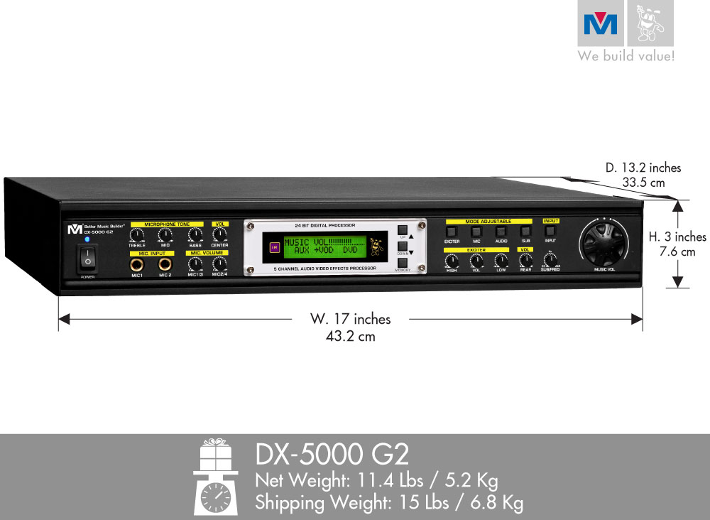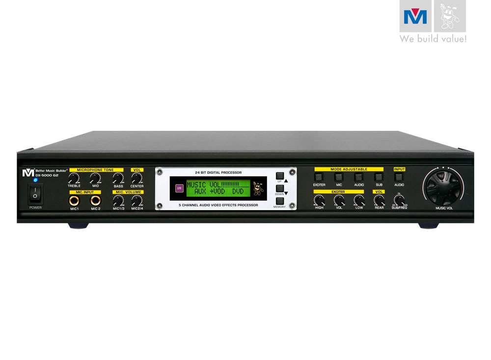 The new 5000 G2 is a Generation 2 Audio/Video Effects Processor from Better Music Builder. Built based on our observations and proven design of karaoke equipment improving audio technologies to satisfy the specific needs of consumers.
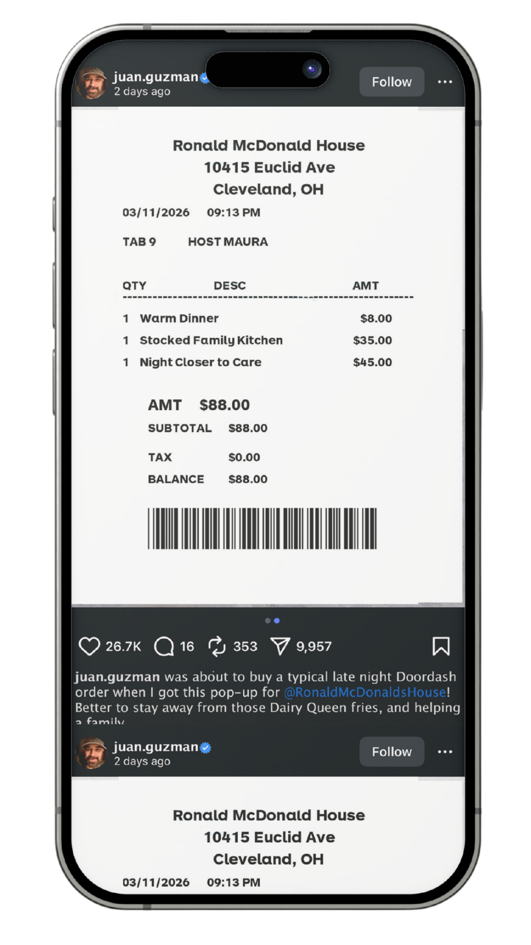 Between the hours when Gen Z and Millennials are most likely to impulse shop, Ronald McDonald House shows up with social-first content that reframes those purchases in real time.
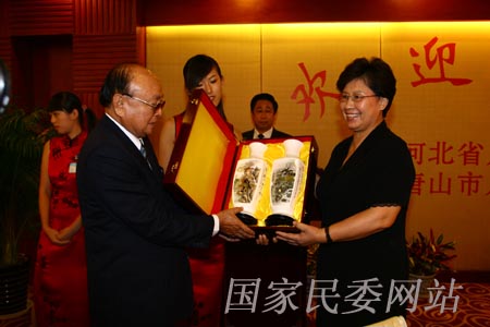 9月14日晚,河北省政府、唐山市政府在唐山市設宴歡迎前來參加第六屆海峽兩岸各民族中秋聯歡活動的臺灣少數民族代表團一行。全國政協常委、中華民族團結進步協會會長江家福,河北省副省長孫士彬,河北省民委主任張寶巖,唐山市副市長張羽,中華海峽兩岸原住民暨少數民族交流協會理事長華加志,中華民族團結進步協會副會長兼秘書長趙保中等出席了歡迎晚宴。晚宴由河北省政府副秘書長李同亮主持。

▸ Try it
Retype the data above as given, letting no picture into the copy.

▸ Output
 The new 5000 G2 is a Generation 2 Audio/Video Effects Processor from Better Music Builder. Built based on our observations and proven design of karaoke equipment improving audio technologies to satisfy the specific needs of consumers.
 Between the hours when Gen Z and Millennials are most likely to impulse shop, Ronald McDonald House shows up with social-first content that reframes those purchases in real time.
 9月14日晚,河北省政府、唐山市政府在唐山市設宴歡迎前來參加第六屆海峽兩岸各民族中秋聯歡活動的臺灣少數民族代表團一行。全國政協常委、中華民族團結進步協會會長江家福,河北省副省長孫士彬,河北省民委主任張寶巖,唐山市副市長張羽,中華海峽兩岸原住民暨少數民族交流協會理事長華加志,中華民族團結進步協會副會長兼秘書長趙保中等出席了歡迎晚宴。晚宴由河北省政府副秘書長李同亮主持。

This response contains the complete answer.